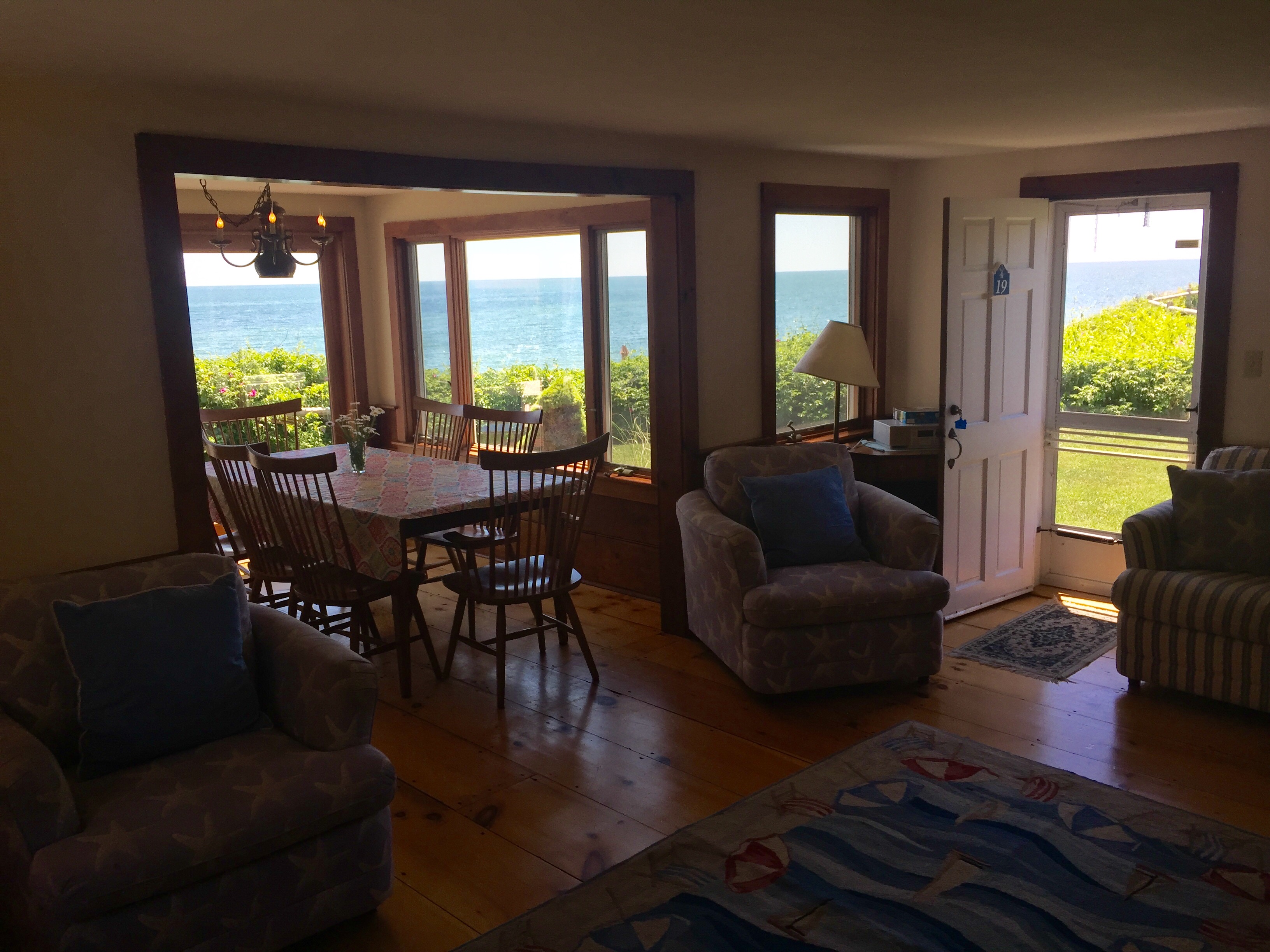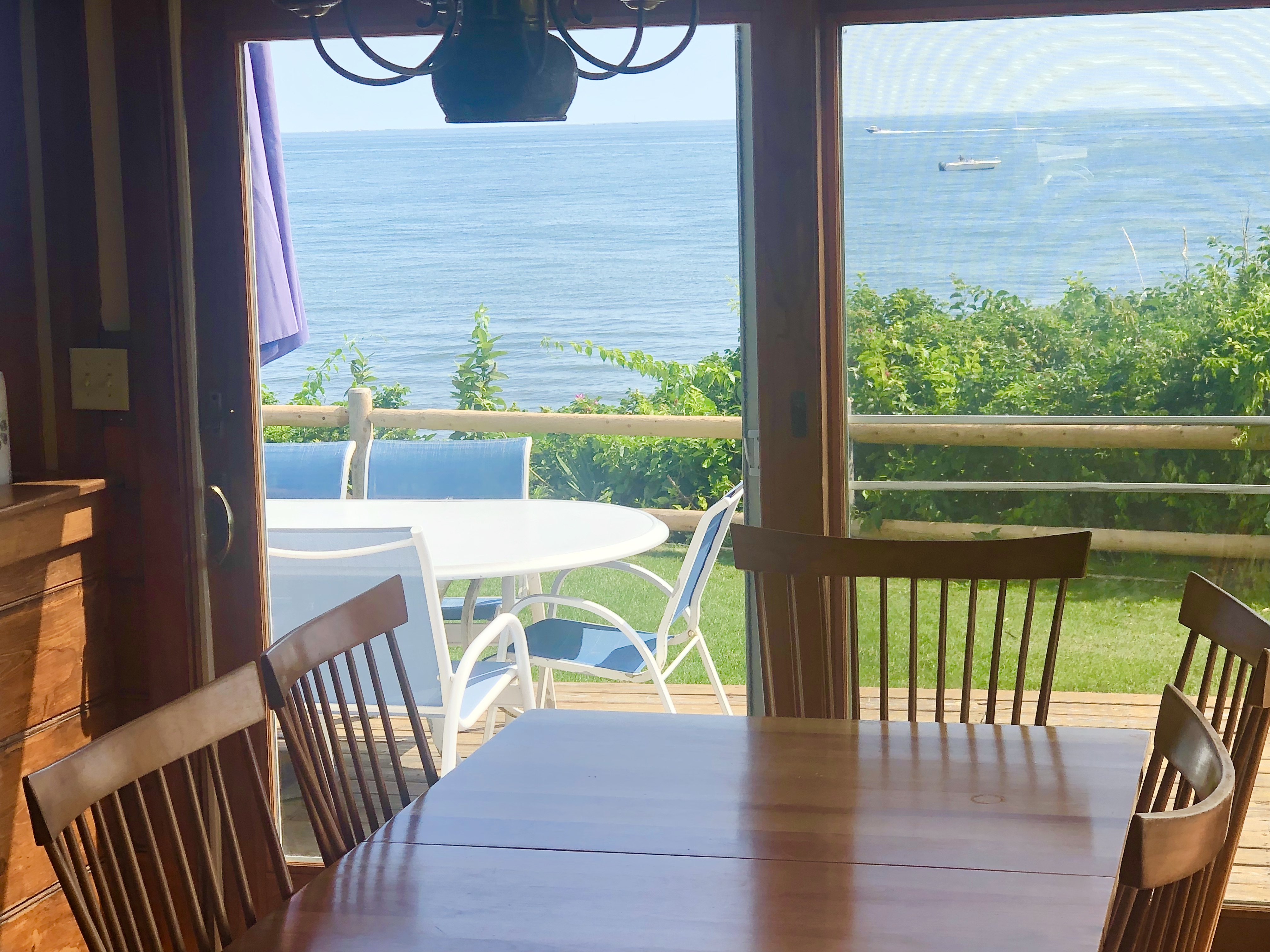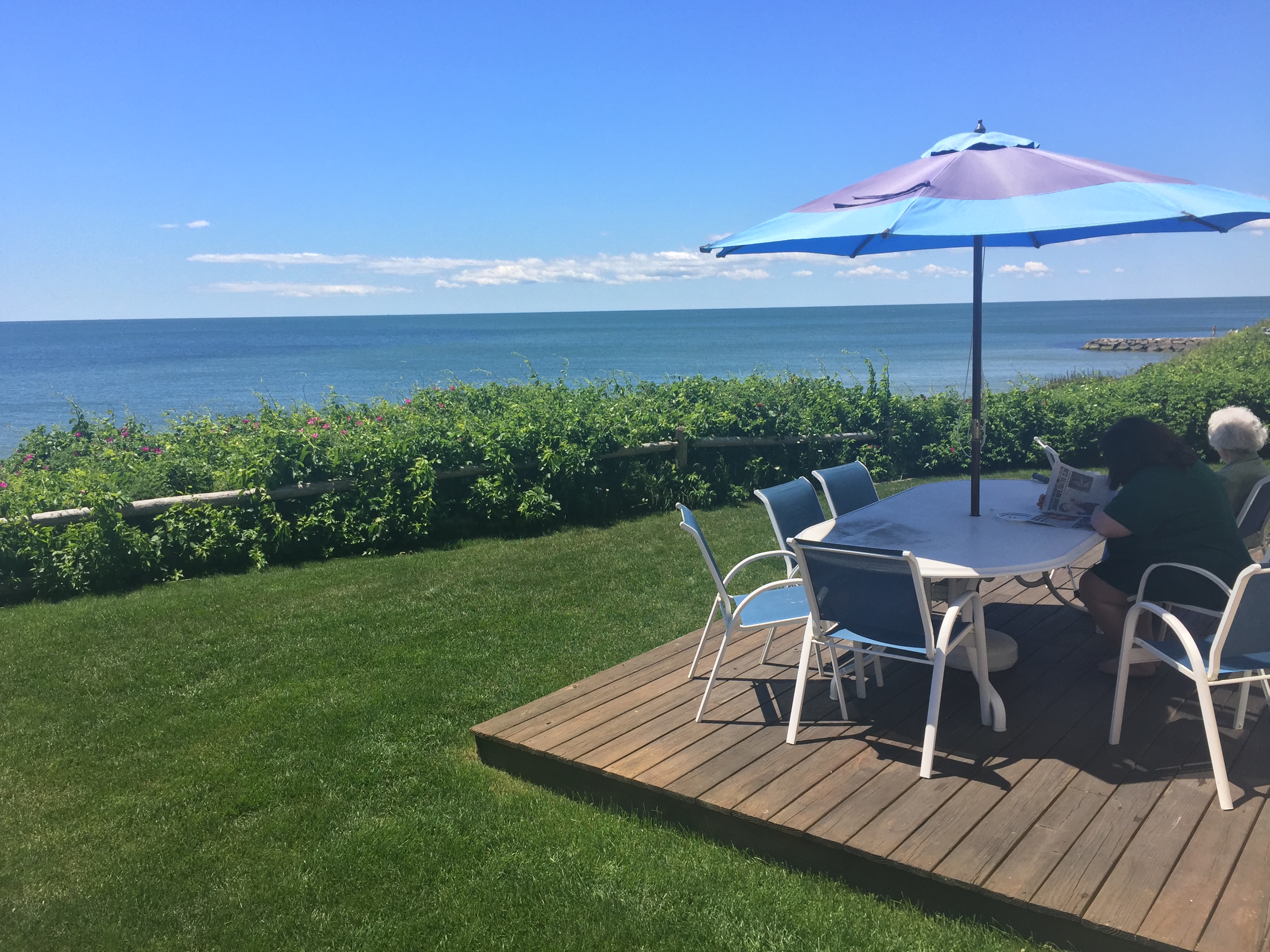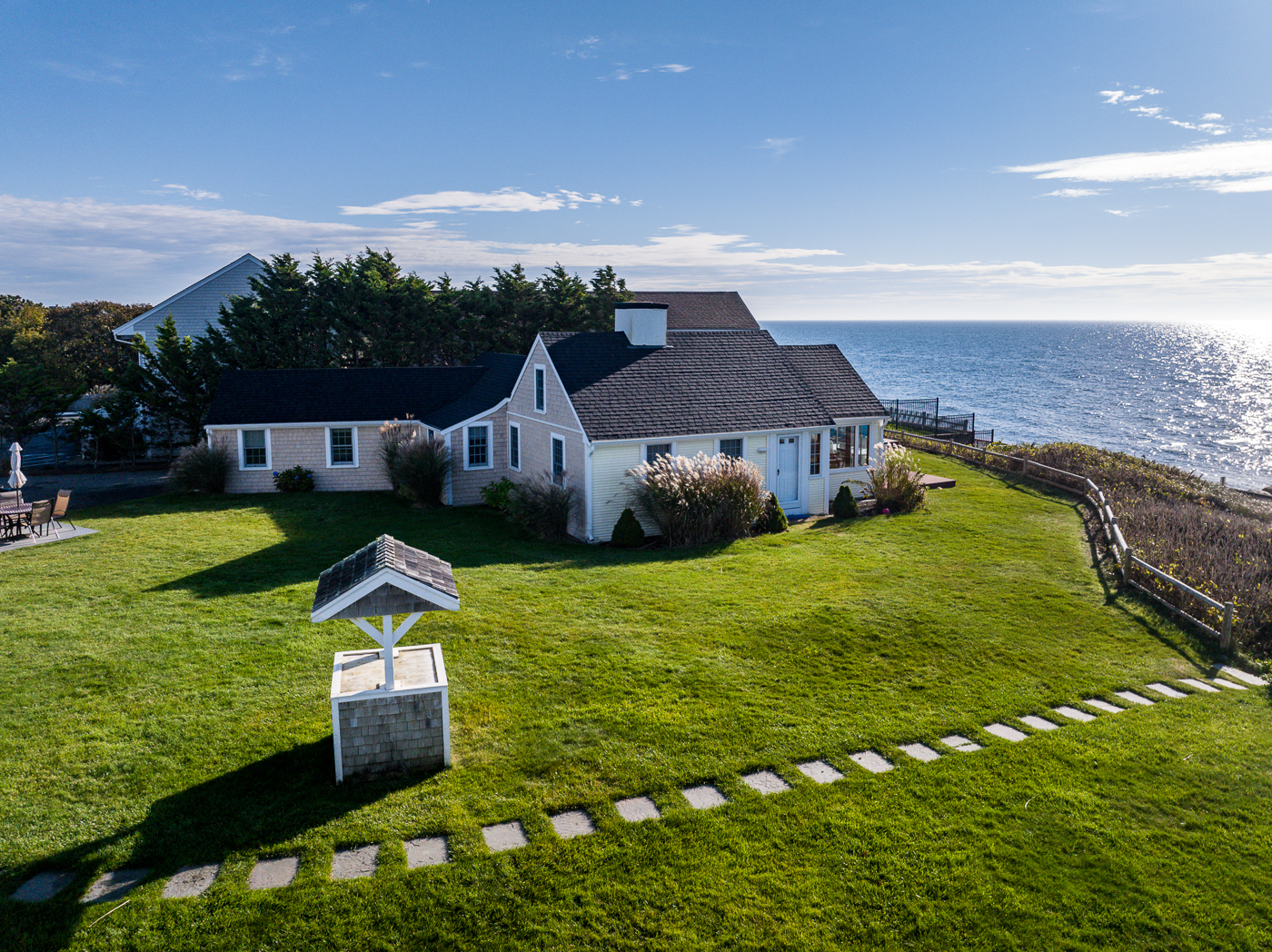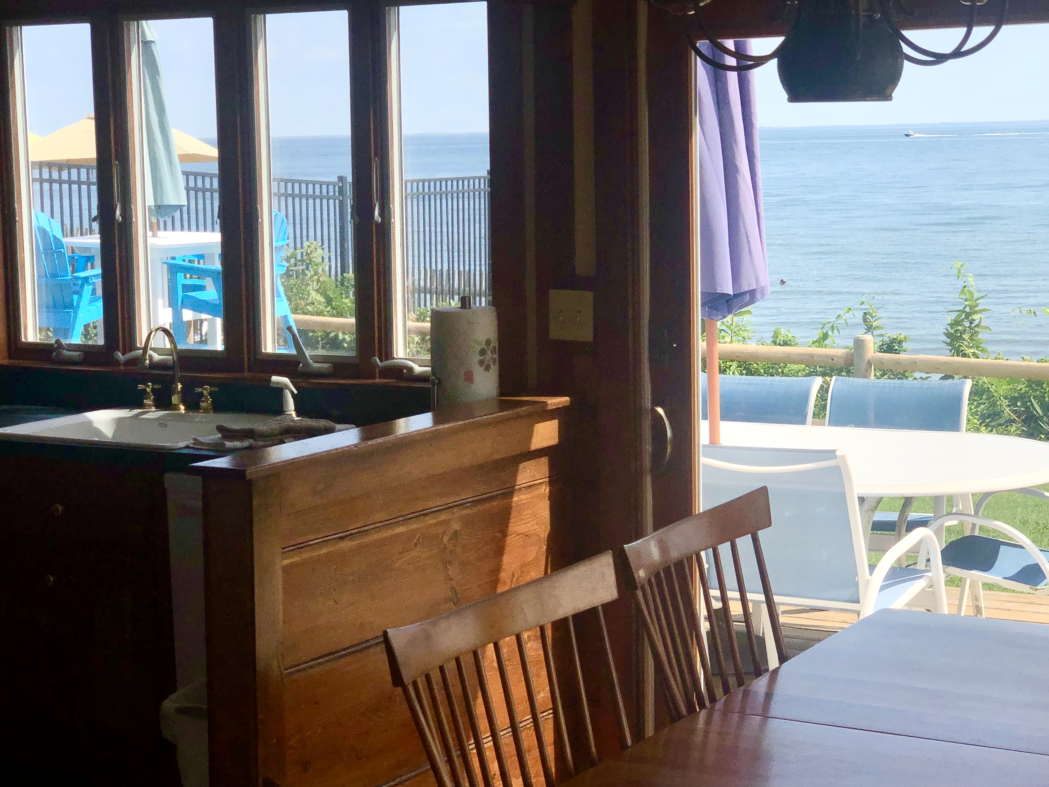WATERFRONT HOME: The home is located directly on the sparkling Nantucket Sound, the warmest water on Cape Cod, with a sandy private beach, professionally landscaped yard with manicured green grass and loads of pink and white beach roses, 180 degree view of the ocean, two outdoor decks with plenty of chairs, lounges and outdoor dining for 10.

+---+

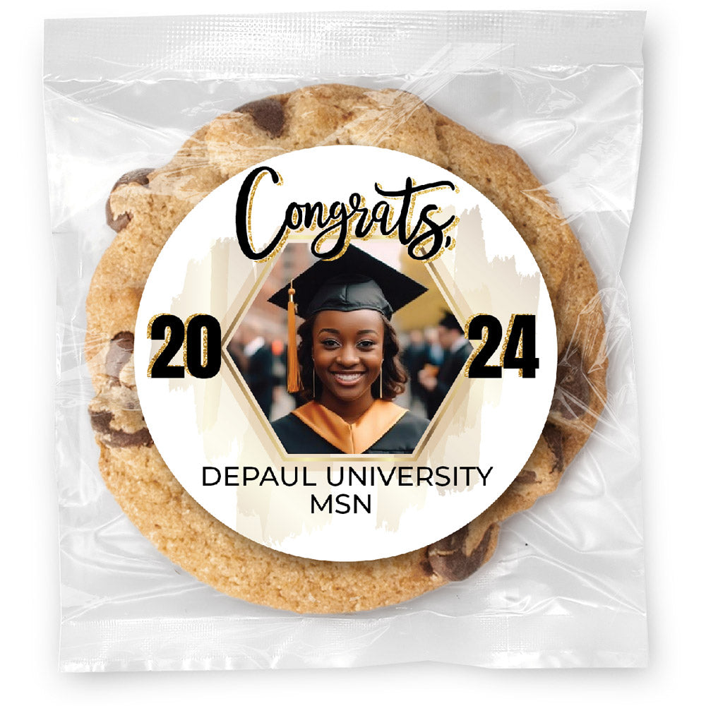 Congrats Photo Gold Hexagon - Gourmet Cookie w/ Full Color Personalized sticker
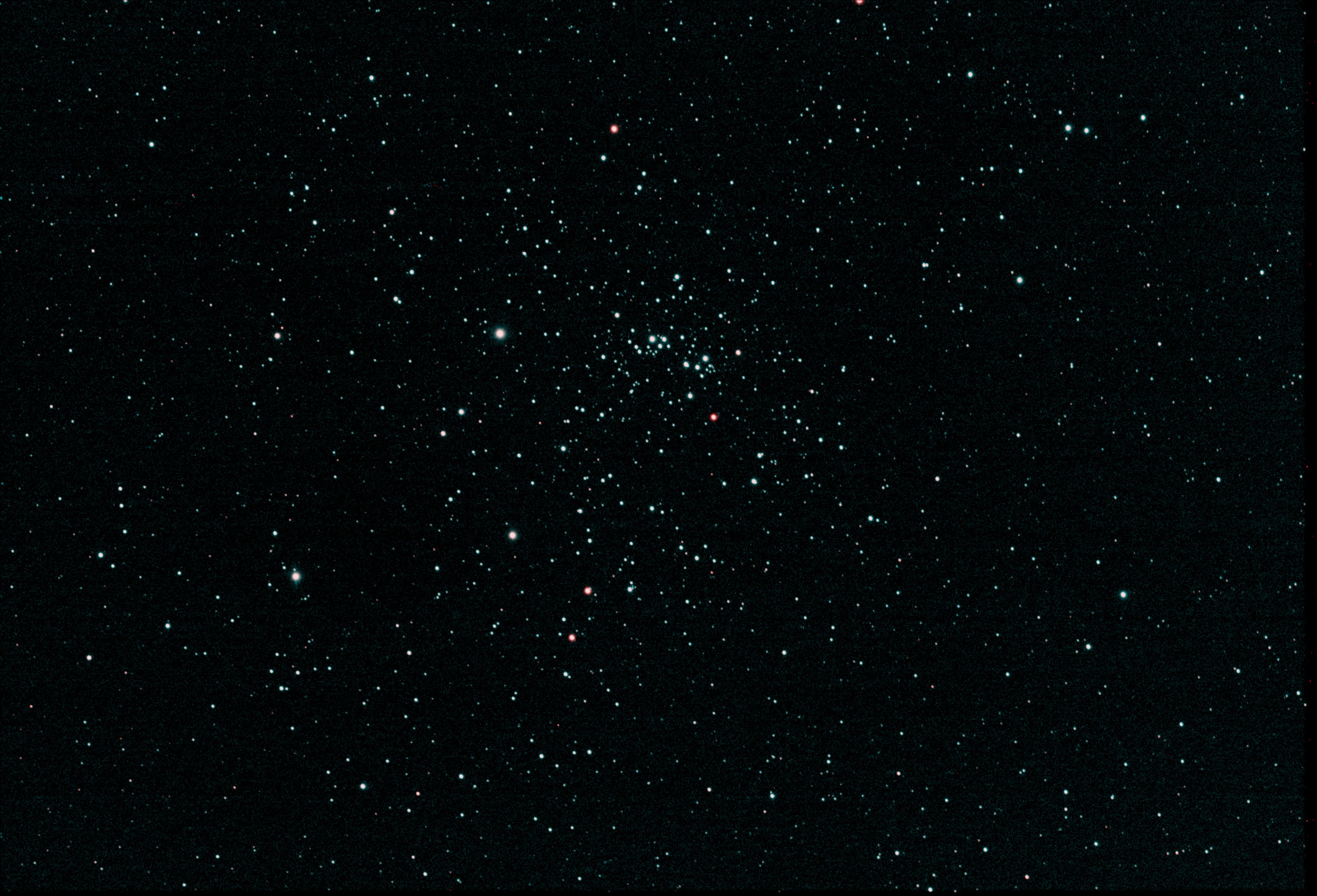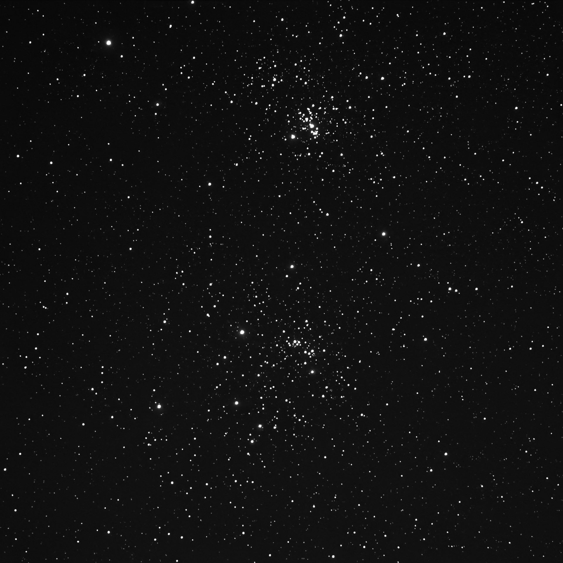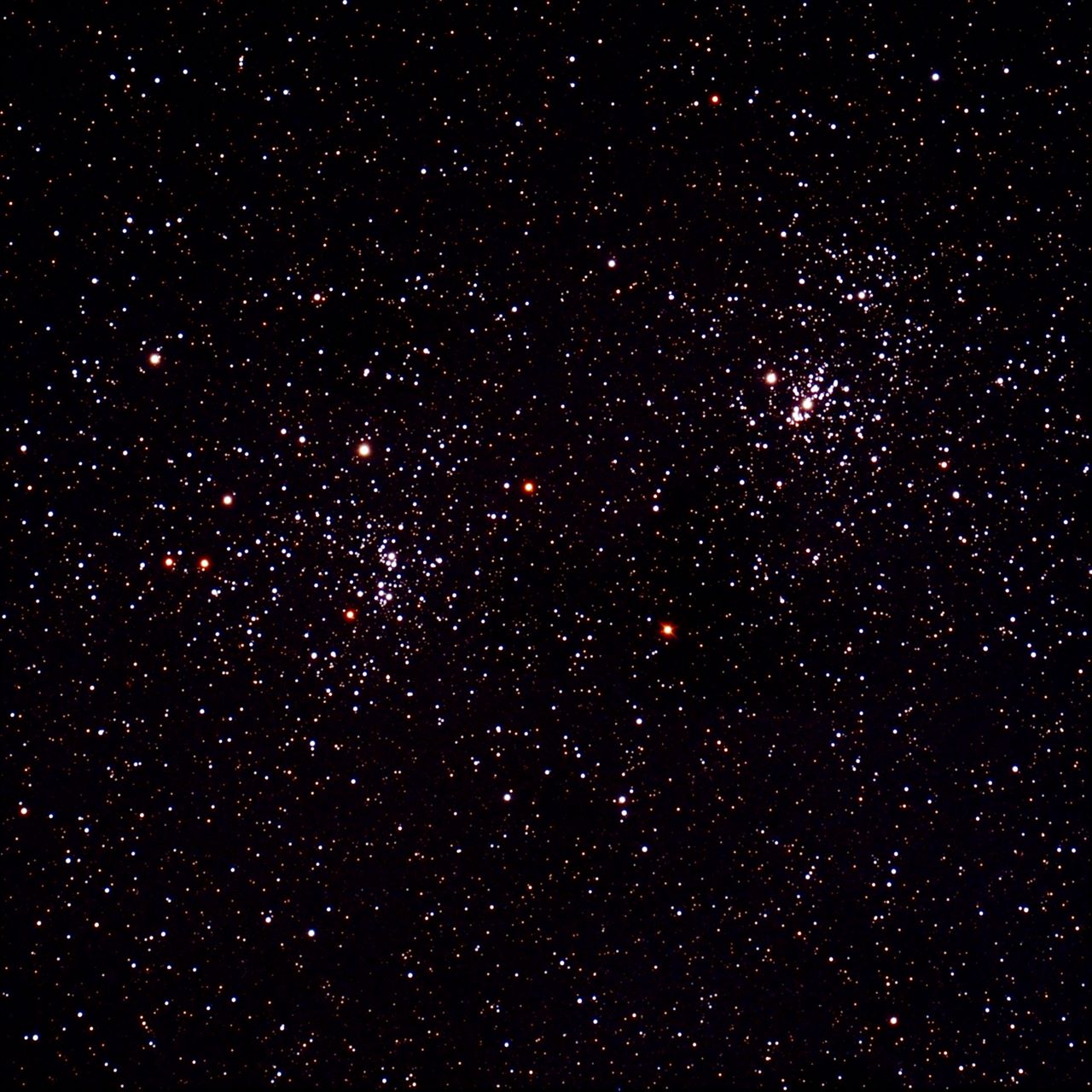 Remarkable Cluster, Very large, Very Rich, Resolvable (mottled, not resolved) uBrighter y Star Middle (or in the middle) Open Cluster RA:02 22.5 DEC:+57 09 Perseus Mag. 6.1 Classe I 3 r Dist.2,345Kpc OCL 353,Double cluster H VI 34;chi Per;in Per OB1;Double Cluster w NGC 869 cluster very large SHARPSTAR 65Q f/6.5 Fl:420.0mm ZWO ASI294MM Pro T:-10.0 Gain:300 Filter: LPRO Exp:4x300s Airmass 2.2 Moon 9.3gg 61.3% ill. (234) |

+---+

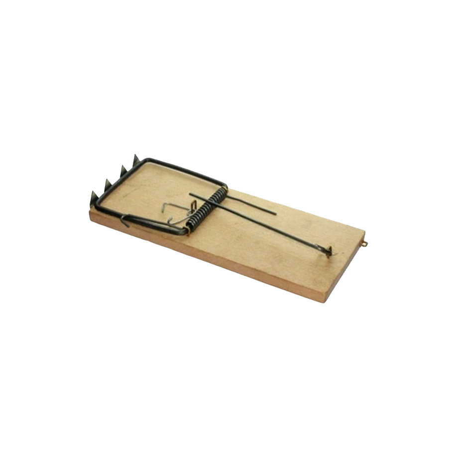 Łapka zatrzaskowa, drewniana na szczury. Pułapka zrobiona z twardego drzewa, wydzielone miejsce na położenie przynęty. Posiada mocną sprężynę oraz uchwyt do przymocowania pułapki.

+---+

**Task to complete**
Using the records above, return verbatim only the part that opens with the line containing "Congrats Photo Gold" and closes with the line containing "Remarkable Cluster, Very"; pictures stay out.

**Output of the exercise**
 Congrats Photo Gold Hexagon - Gourmet Cookie w/ Full Color Personalized sticker
 Remarkable Cluster, Very large, Very Rich, Resolvable (mottled, not resolved) uBrighter y Star Middle (or in the middle) Open Cluster RA:02 22.5 DEC:+57 09 Perseus Mag. 6.1 Classe I 3 r Dist.2,345Kpc OCL 353,Double cluster H VI 34;chi Per;in Per OB1;Double Cluster w NGC 869 cluster very large SHARPSTAR 65Q f/6.5 Fl:420.0mm ZWO ASI294MM Pro T:-10.0 Gain:300 Filter: LPRO Exp:4x300s Airmass 2.2 Moon 9.3gg 61.3% ill. (234) |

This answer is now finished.